Exercise description
Could you copy every entry exactly, dropping the pictures?

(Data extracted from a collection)
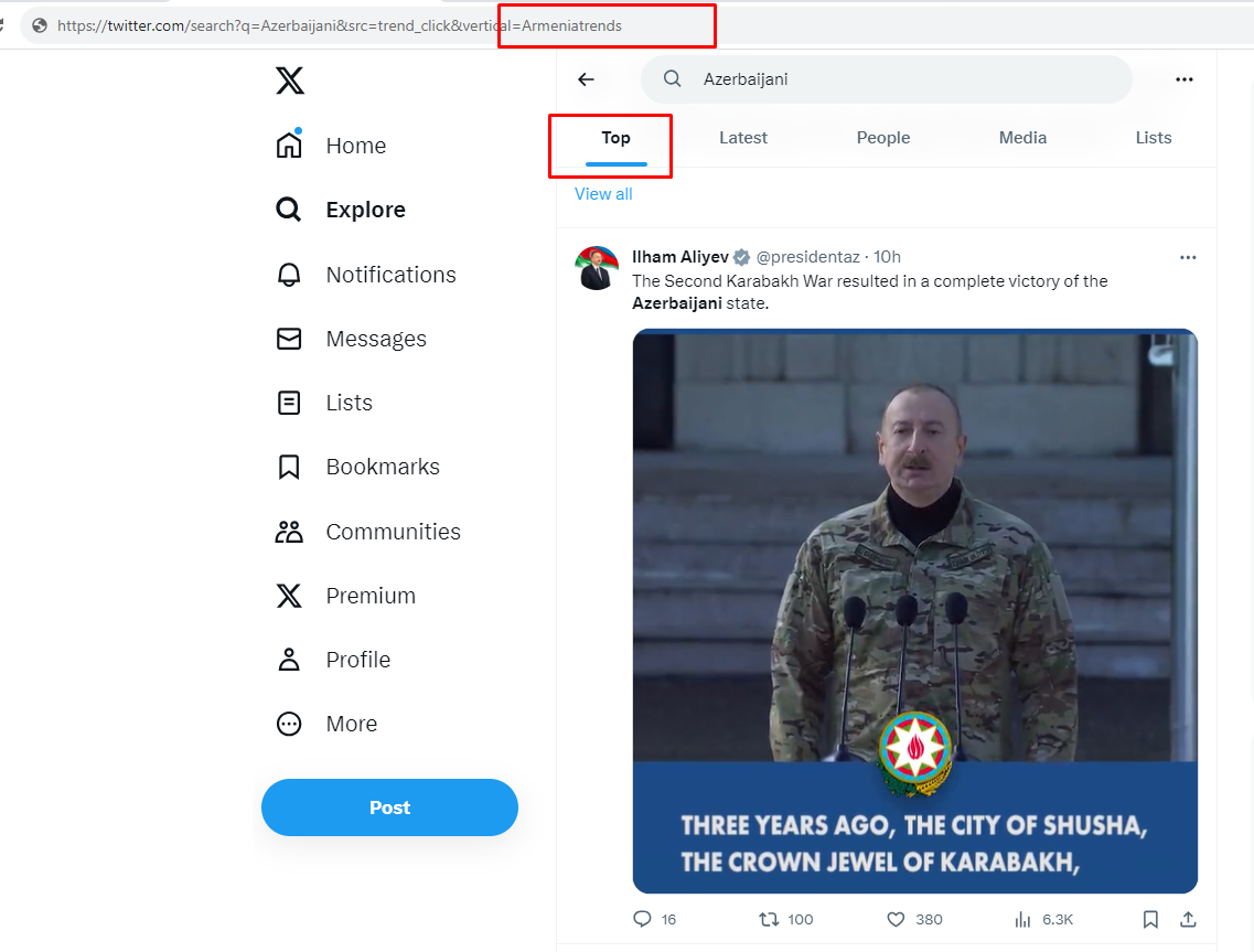 Таким образом, армянские пользователи искали и читали в соцсети «Х» больше всего новостей, связанных с Азербайджаном.
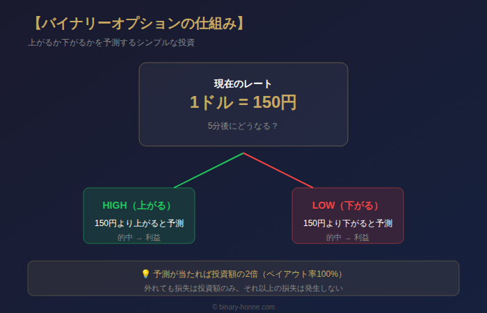 バイナリーオプションは、為替レートが「上がるか」「下がるか」を予測する投資。
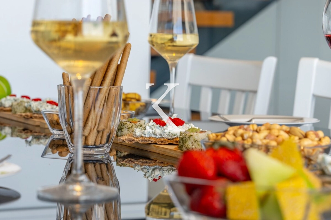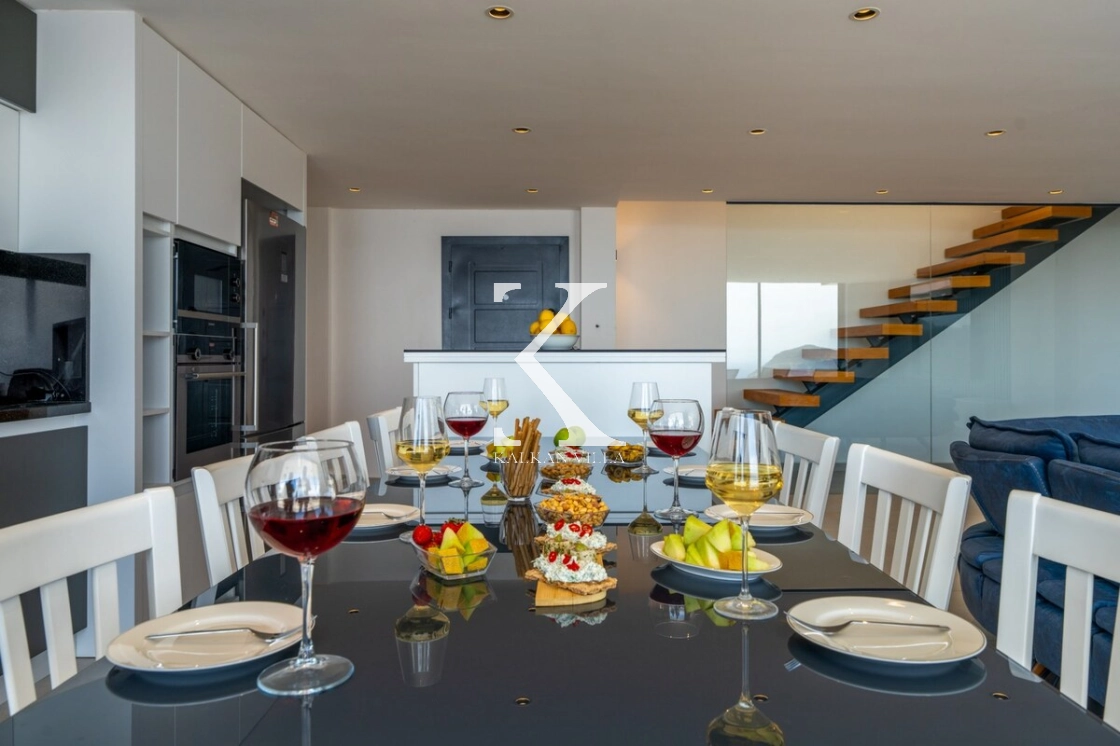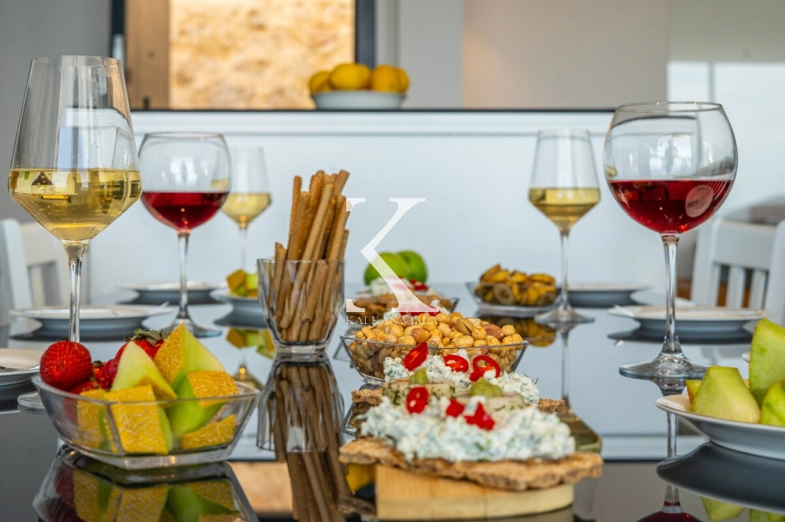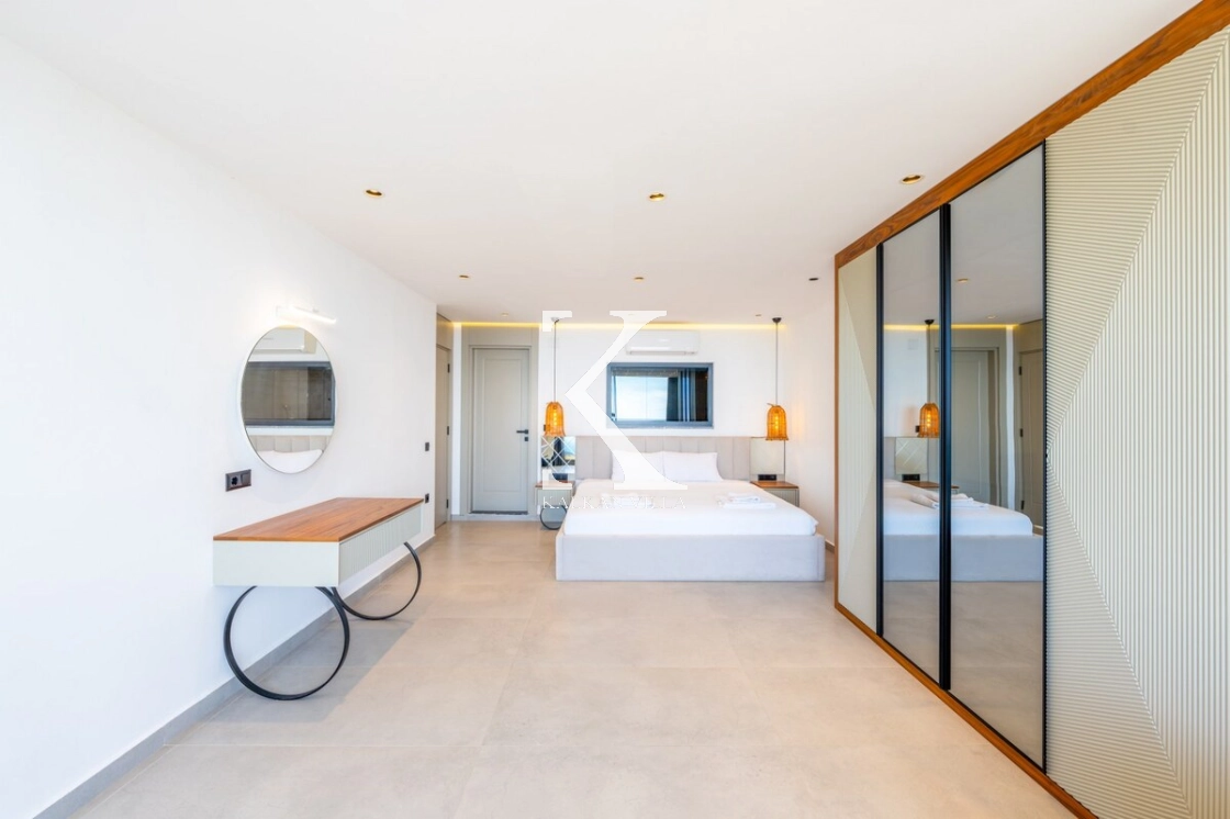 In the villa’s sea-view terrace and garden, you will find an infinity pool, sun loungers, outdoor dining table and BBQ area. Every detail has been carefully considered so that you can spend enjoyable and memorable moments with your loved ones. To make the most of the impressive view and sunlight, large windows and wide glass panels have been used throughout the villa, allowing all rooms to benefit from the natural light and scenery.
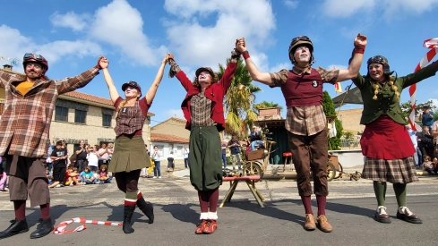 Así, la danza ha dado paso a un alegre pasacalles, donde se han desarrollado pequeñas escenas que han atrapado al público desde el primer momento. Los protagonistas, unos curiosos pilotos, no solo han arrancado carcajadas con sus ocurrencias, sino que también han invitado a los asistentes a unirse a la diversión. Las interacciones no se han limitado al humor: las acrobacias y los malabares de los artistas han dejado a más de uno boquiabierto, generando una mezcla de asombro y admiración.
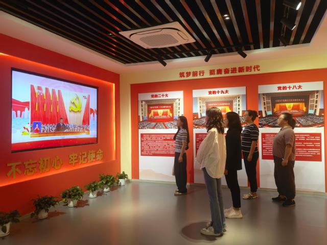 进入郑州党史馆,在鲜红的党旗下,支部党员重温了入党誓词。誓言声声,铿锵有力,彰显了大家对党的无限忠诚和为共产主义事业奋斗终身的坚定信念。随后,大家依次参观了“人民的胜利”“艰难的探索”“辉煌的跨越”“崭新的时代”四大主题展厅。这些展厅通过珍贵的历史文物、泛黄褪色的照片和感人的事迹,生动记录了郑州市在中国共产党带领下解放、建设、改革、复兴的风雨历程,展现了郑州市75年来建设发展的辉煌成就。
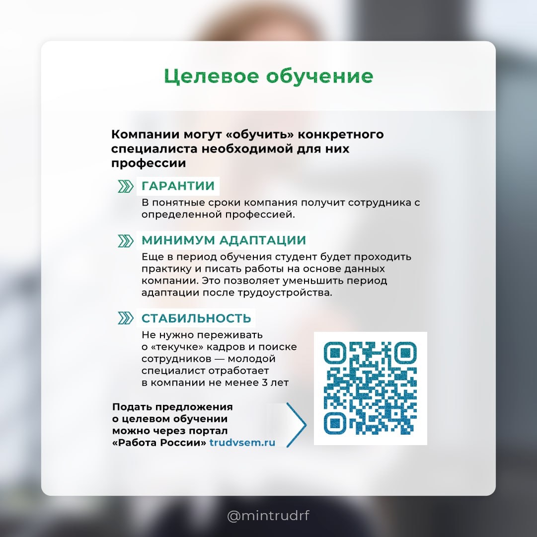 В рамках целевого обучения компании могут обучить конкретного специалиста необходимой для него профессии. В период обучения студенты могут пройти практику. Это позволяет быстро адаптироваться в коллективе компании.
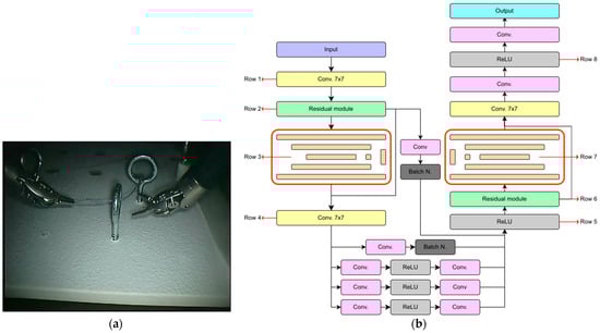 The ITAP dataset [] includes 3532 frames extracted from simulated surgical scene videos (Figure 2a). The simulated surgical procedures involved the manipulation of various porcine organs ex vivo, employing the surgical tool Clickline (Karl Storz, Tuttlingen, Germany). Among the recorded 3532 frames, only 609 frames contain the surgical tool based on frame labels. The videos were captured using a Storz Telecam One-Chip Camera Head in conjunction with the HOPKINS telescope 0° (Karl Storz, Germany). Each frame exhibits a resolution of 720 × 576 pixels, and labels are represented as bounding boxes.
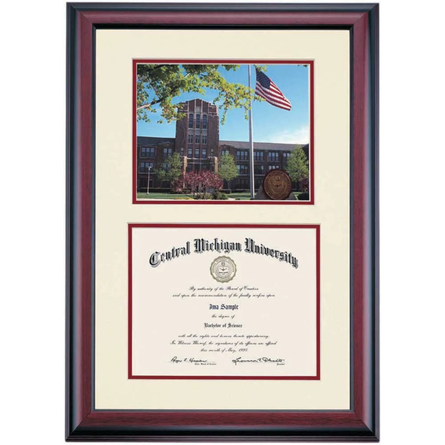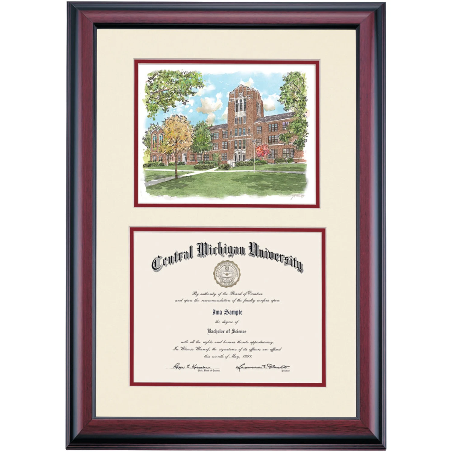 Celebrate your graduation in style with this handcrafted premier diploma frame which includes a Professional Print of Warriner Hall. Custom crafted to fit your Central Michigan University diploma, this frame features accent matting and high quality hardwood moulding.
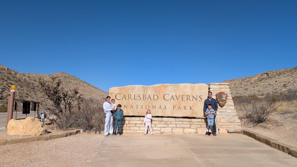 After a very very late night, we headed out the door relatively early to drive another 2.5 hours to Carlsbad Caverns. It sounds insane, but the cave was actually really cool and a great activity for us. When we got there, the kids were immediately attracted to a ranger who recruited them to participate in an MLK service project to help clean the area. They got their cleaning gear (safety vests, sticks and pails) and walked around the lot with a ranger to clean up any trash. As a reward, they got awesome Carlsbad Caverns neck gators which were perfect for the weather.
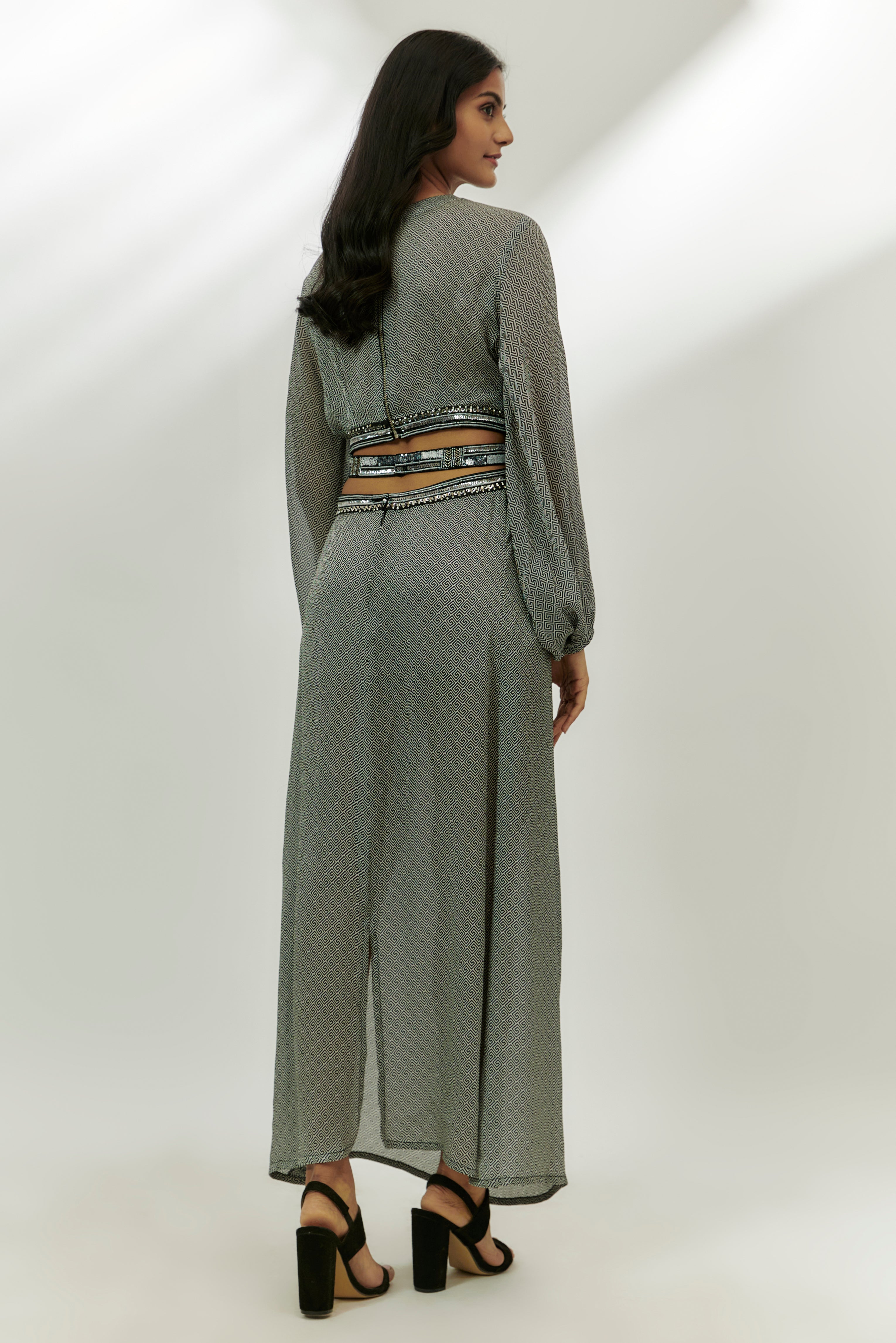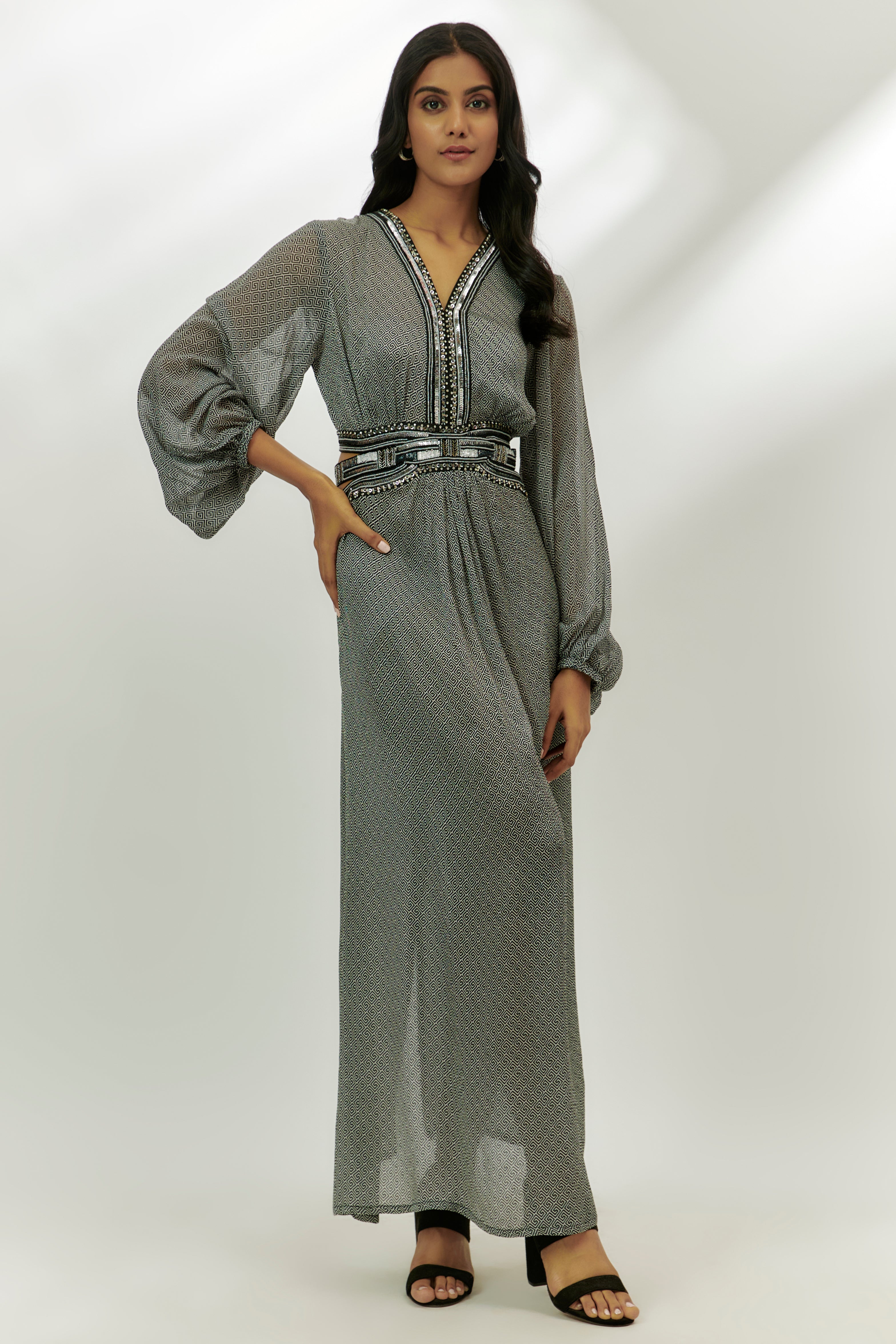 يتميز بفستان ماكسي أسود من قماش القطن مع طباعة رقمية، وخرز، وتطريز زردوسي. أبرزيه مع مجوهرات بارزة وكعب عالٍ لمظهر كامل.

Solution to this exercise
 Таким образом, армянские пользователи искали и читали в соцсети «Х» больше всего новостей, связанных с Азербайджаном.
 バイナリーオプションは、為替レートが「上がるか」「下がるか」を予測する投資。
 In the villa’s sea-view terrace and garden, you will find an infinity pool, sun loungers, outdoor dining table and BBQ area. Every detail has been carefully considered so that you can spend enjoyable and memorable moments with your loved ones. To make the most of the impressive view and sunlight, large windows and wide glass panels have been used throughout the villa, allowing all rooms to benefit from the natural light and scenery.
 Así, la danza ha dado paso a un alegre pasacalles, donde se han desarrollado pequeñas escenas que han atrapado al público desde el primer momento. Los protagonistas, unos curiosos pilotos, no solo han arrancado carcajadas con sus ocurrencias, sino que también han invitado a los asistentes a unirse a la diversión. Las interacciones no se han limitado al humor: las acrobacias y los malabares de los artistas han dejado a más de uno boquiabierto, generando una mezcla de asombro y admiración.
 进入郑州党史馆,在鲜红的党旗下,支部党员重温了入党誓词。誓言声声,铿锵有力,彰显了大家对党的无限忠诚和为共产主义事业奋斗终身的坚定信念。随后,大家依次参观了“人民的胜利”“艰难的探索”“辉煌的跨越”“崭新的时代”四大主题展厅。这些展厅通过珍贵的历史文物、泛黄褪色的照片和感人的事迹,生动记录了郑州市在中国共产党带领下解放、建设、改革、复兴的风雨历程,展现了郑州市75年来建设发展的辉煌成就。
 В рамках целевого обучения компании могут обучить конкретного специалиста необходимой для него профессии. В период обучения студенты могут пройти практику. Это позволяет быстро адаптироваться в коллективе компании.
 The ITAP dataset [] includes 3532 frames extracted from simulated surgical scene videos (Figure 2a). The simulated surgical procedures involved the manipulation of various porcine organs ex vivo, employing the surgical tool Clickline (Karl Storz, Tuttlingen, Germany). Among the recorded 3532 frames, only 609 frames contain the surgical tool based on frame labels. The videos were captured using a Storz Telecam One-Chip Camera Head in conjunction with the HOPKINS telescope 0° (Karl Storz, Germany). Each frame exhibits a resolution of 720 × 576 pixels, and labels are represented as bounding boxes.
 Celebrate your graduation in style with this handcrafted premier diploma frame which includes a Professional Print of Warriner Hall. Custom crafted to fit your Central Michigan University diploma, this frame features accent matting and high quality hardwood moulding.
 After a very very late night, we headed out the door relatively early to drive another 2.5 hours to Carlsbad Caverns. It sounds insane, but the cave was actually really cool and a great activity for us. When we got there, the kids were immediately attracted to a ranger who recruited them to participate in an MLK service project to help clean the area. They got their cleaning gear (safety vests, sticks and pails) and walked around the lot with a ranger to clean up any trash. As a reward, they got awesome Carlsbad Caverns neck gators which were perfect for the weather.
 يتميز بفستان ماكسي أسود من قماش القطن مع طباعة رقمية، وخرز، وتطريز زردوسي. أبرزيه مع مجوهرات بارزة وكعب عالٍ لمظهر كامل.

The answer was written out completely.